Antigen Escape: Down-Regulation or Loss of Target Antigen

Antigen escape post-infusion of modified CAR T-cells is an emerging issue (17, 83, 84). Relapses have been observed in long term follow-up studies, but the mechanisms for these relapses need to be better described. The most common reason for relapse after CAR T-cell therapy is the emergence of tumor cells with loss or downregulation of target antigen expression. The use of CD19 CAR T-cells in ALL patients has highlighted the loss of CD19 antigen expression due to therapeutic pressure. Consequently, CD19negative tumor cells, have been reported in relapses. This can be caused by lymphoid to myeloid trans-differentiation, alternative splicing leading to target epitope loss, or selection of pre-existing antigen-negative leukemia cell clones (8587). In the myeloma setting, BCMA loss or downregulation on residual MM cells after BCMA CAR T therapy has been reported in several clinical trials to date (29, 30, 88). Antigen escape in MM is more likely to occur due to the coexistence of numerous tumor subclones in treated patients resulting in a potential advantage to emerging or preexisting BCMAlow or BCMAnegative subclones during treatment (51). In the NCI trial, one patient presented persisting BCMAnegative myeloma cells in the bone marrow 56 weeks after BCMA CAR T-cell infusion and at the time of myeloma progression (29). In the UPENN trial, 12 out of 18 (67%) evaluable patients had significantly diminished levels of BCMA expression intensity commonly 1 month after CAR T-cell administration (30). This reduction in BCMA intensity was more frequent on residual myeloma cells from patients responding to therapy than non-responder patients. Regarding to FCARH143 trial, the authors reported a patient who relapsed presenting a BCMAnegative myeloma subclone and an overall reduction of 70% BCMA expression level in the BCMApositive myeloma cell population (35). The observed loss and downregulation of BCMA expression on the surface of myeloma cells after CAR T-cell infusion in several clinical trials, highlights an imperative need to investigate the mechanism of resistance to BCMA CAR T-cell therapy.
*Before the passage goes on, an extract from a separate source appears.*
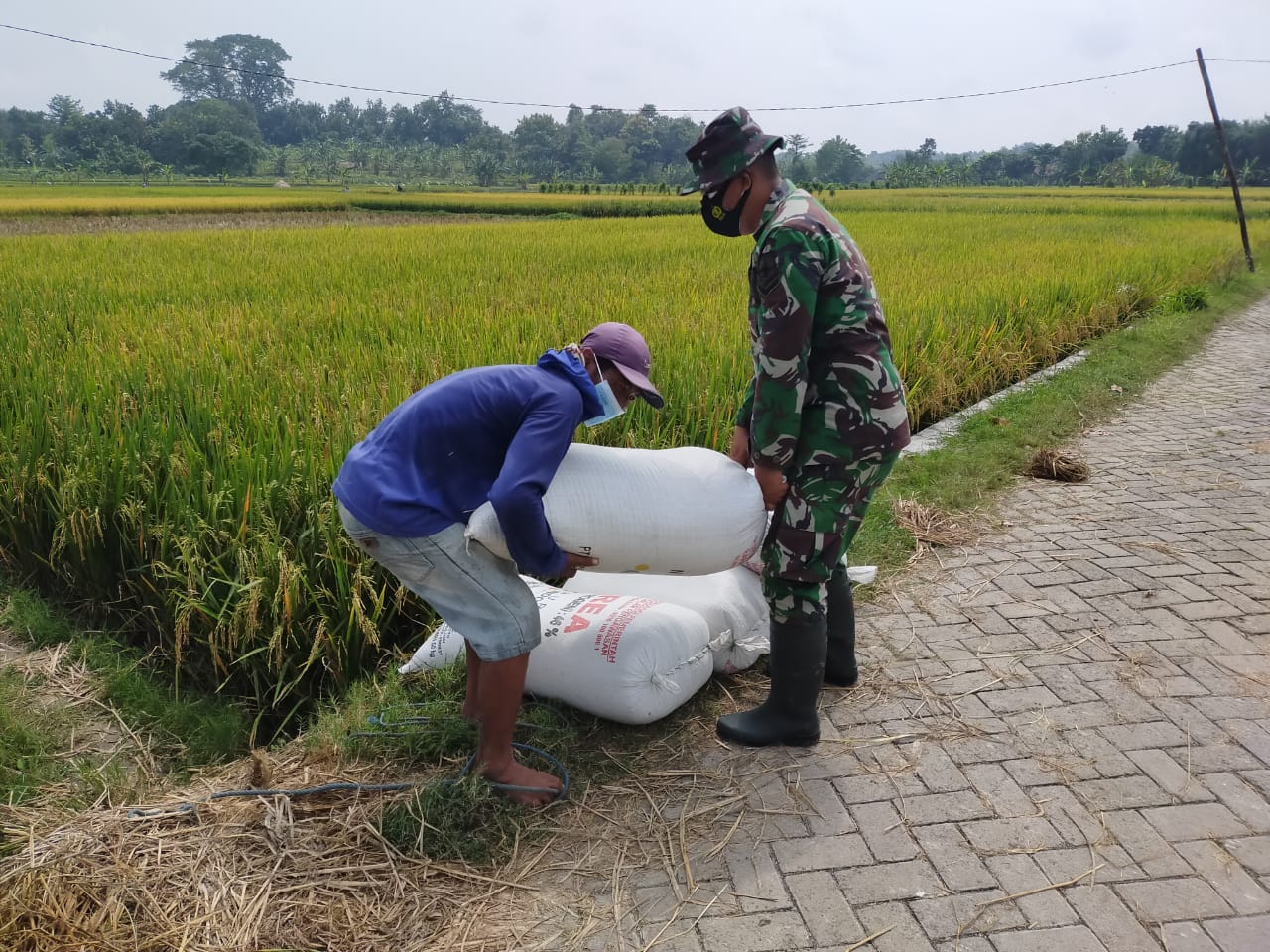Serda Lajahidin, salah satu Satgas TMMD ke-110 Kodim 0813/Bojonegoro nampak bersama petani membantu panen disalah satu sawah milik warga dan membantu angkat junjung gabah hasil panen.

Soluble Protein: Hampering CAR T-Cell Function

A potential limitation for the clinical application of CAR engineered T-cells would be the presence of soluble protein antigens in the serum of patients. Target antigens can be cleaved from the cell membrane and released into blood circulation, therefore CAR T-cell therapy could be limited due to binding to soluble target antigens. Thus, the functionality of CAR T-cells could be abrogated by soluble antigens (89). In the myeloma setting, CD138 extracellular domain has been reported to be cleaved from cell surface, which could abrogate CAR T-cells function by blocking their antigen-binding domain and, hence, resulting in immune escape (90). Cleavage of the target antigen is not exclusive to CD138 protein, but it has been well-described that BCMA can be released from myeloma cells into the serum of patients. BCMA expression on the surface of myeloma cells can be modified by a protease called γ-secretase (GS), which mediates BCMA shedding within the transmembrane domain, leading to the release of a soluble fragment of BCMA (sBCMA) (91). Consequently, recognition of tumor cells by CAR T-cells could be hampered by soluble BCMA as a result of reducing BCMA density on the tumor cell surface and/or blocking the antigen-binding domain of the CAR. Thus, the presence of sBCMA in the serum of MM patients is being actively discussed as an obstacle for BCMA CAR T-cell therapy. In this sense, controversial data have been described. Several studies have reported that BCMA CAR T-cells were not abrogated by soluble BCMA protein (48, 80). However, alternative BCMA CAR T-cells have recently shown that sBCMA in concentrations of 10 ng/mL decreases the frequency of cytokine-producing BCMA CAR T-cells, at the same time that did not compromise CD19 CAR T-cells function. Moreover, high concentrations (333–1,000 ng/ml) of soluble BCMA protein affected cytotoxic capacity of CAR T-cells against 1 out of 3 BCMApositive cell lines (92). These contradicting observations might be due to the use of different BCMA CAR T-cells directed to distinct epitopes, therefore it could happen that the BCMA-CAR target-epitope is not accessible in the soluble BCMA conformation.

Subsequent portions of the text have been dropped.